A press at the end of the process separates the solids from the liquids. Both are sold to plant nurseries and farmers.
Merced Assemblyman Adam Gray said the project’s ability to convert the waste into electricity could buoy Merced County’s economic future and add jobs.
“We have an opportunity before us in the coming decades to become not just a leader in food production, but a leader in energy production,” he said.
In order to do that, dairy farmers would need to get behind the process.
Keith Wilson, a consultant with Elite Energy, said each cow produces about 120 pounds of waste in a day.
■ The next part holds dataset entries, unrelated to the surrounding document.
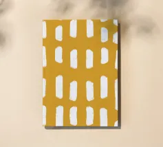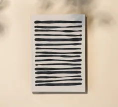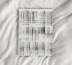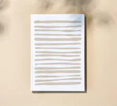 Ein abstraktes Design mit mehreren Reihen gleichmäßig verteilter, hellbrauner vertikaler Linien vor weißem Hintergrund, die ein visuell konsistentes und einheitliches Muster bilden, das sich ideal für minimalistische Kunst- und Designprojekte eignet.
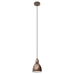 De EGLO hanglamp Priddy koper 1-lichts is de perfecte lamp voor een vintage interieur. De gebruikte look zorgt voor een authentiek gevoel vanaf het moment dat je de lamp ziet. In het armatuur van de lamp past een E27 (grote fitting) lichtbron, deze wordt niet meegeleverd. Deze lichtbron mag maximaal 60 watt zijn.
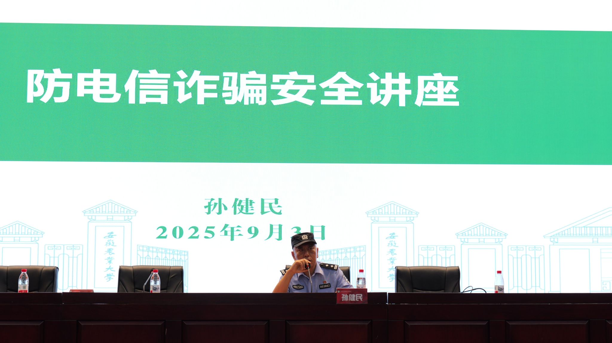 9月3日晚,学院邀请合肥市蜀山区琥珀派出所民警在校图书馆第一报告厅为全体大一新生开展防电诈专题讲座。学院200余名新生现场参会。讲座中,反诈民警结合近年来针对高校学生的典型诈骗案例,以“案例讲解+法律解读+防范技巧”的形式,重点剖析了“校园贷”“刷单返利”“冒充客服退款”“游戏账号交易诈骗”“冒充师长借款”等五类高频诈骗手段。民警通过视频展示、数据对比,直观呈现了诈骗分子的话术设计和作案流程,让新生清晰认识到电诈的隐蔽性与危害性。
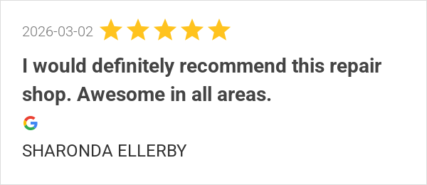 I would definitely recommend this repair shop. Awesome in al...
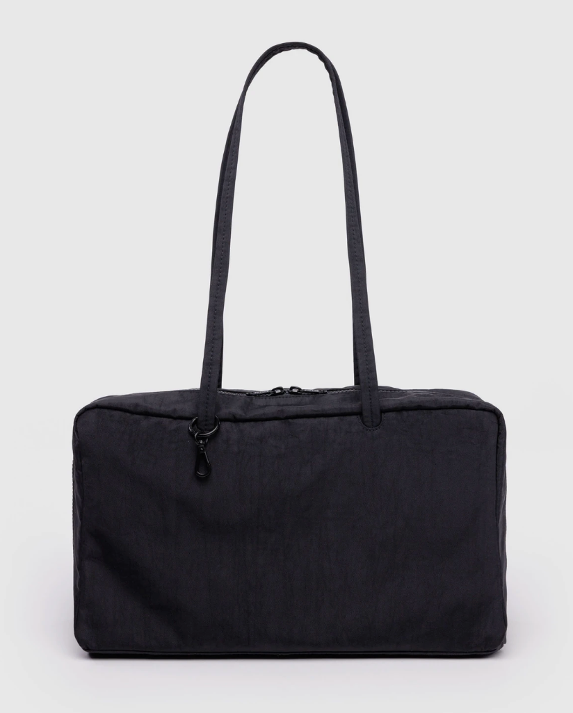 Una versión más grande de nuestro bowler bag, diseñada para personalizarse con accesorios. Cuatro aros para dijes y un gancho giratorio te permiten decorarla desde cualquier ángulo. Su interior amplio incluye un bolsillo con cierre y espacio suficiente para llevar más que lo esencial.
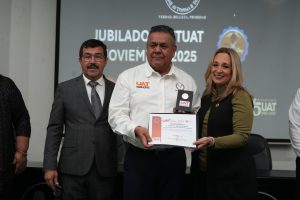 Acompañado de la presidenta de Familia UAT, Lic. Isolda Rendón de Anaya, el rector felicitó al personal sindicalizado universitario que concluyó su ciclo laboral en la institución, destacando que, por segunda vez en este año, la Universidad organiza este tipo de eventos para reconocer la entrega, compromiso y servicio de los trabajadores jubilados.
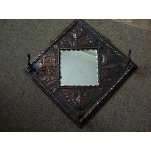 A vintage decorative copper plated tin hat rack with mirror. The tin is wrapped over a board. In relief on the metal: top is George Washington, bottom is an eagle, left is a railroad steam engine, and right is a sailing ship. There are three (3) hat hooks. The mirron is plate thickness with a crimped edge. There are some spots in the mirror silver from age. A great vintage piece.
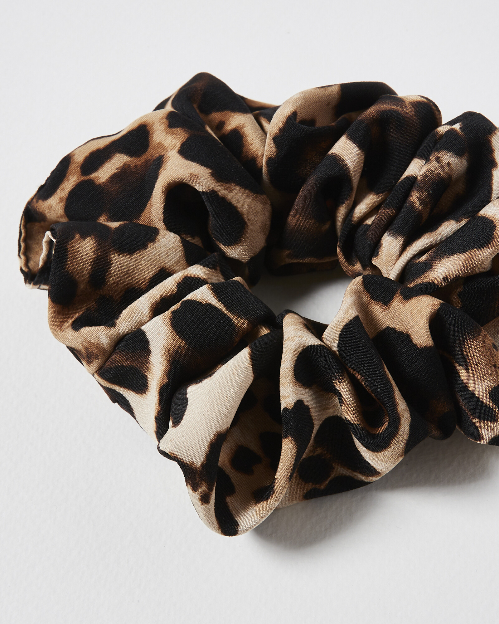This fabric hair scrunchie is printed with a brown animal print pattern.

With 3,000 cows on the Brasil ranch, that’s 360,000 pounds of manure and urine every day.
“This system can handle about 1,500 cows,” he said, pointing to the digester. “So, we’ll be taking about 50 percent.”
The digester works alongside the ranch’s traditional manure removal equipment.
Most dairies operate on a cycle, Wilson said. The cows eat and produce waste, which is used to fertilize the fields where the cows’ food is grown.
Wilson said the manure passed through the digester reduces the nitrogen generated on the ranch. “There is a nitrogen problem in the valley,” he said.
Antonio Brasil, who built the dairy in 2007, said reducing the amount of nitrogen on his farm might allow him room to expand. He might make a little more money, the 44-year-old dairy farmer said, but that’s wasn’t his No. 1 motivation to be involved in the project.
“It helps the environment,” he said.